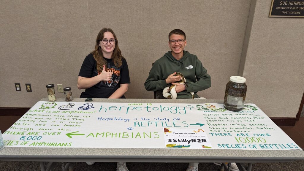 WEEOLab students, herpetology class student volunteers, and their herp pals had an event at the Stillwater public library -430 interested people showed up to learn about and interact with amphibians and reptiles!
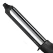 - Spring-activated lever for securing the tips of the hair while creating curls.
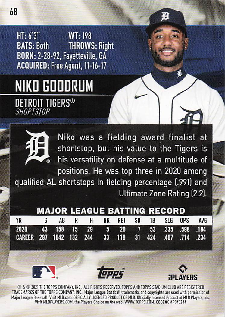 2021 Topps Stadium Club Black Foil Niko Goodrum #68
□ □ □ □ □
> _WHAT THE TASK REQUIRES_: Word for word, output the lines from the beginning of the listing through the line holding "- Spring-activated lever" and nothing beyond them. Omit the pictures.

> _YOUR SOLUTION_:
 WEEOLab students, herpetology class student volunteers, and their herp pals had an event at the Stillwater public library -430 interested people showed up to learn about and interact with amphibians and reptiles!
 - Spring-activated lever for securing the tips of the hair while creating curls.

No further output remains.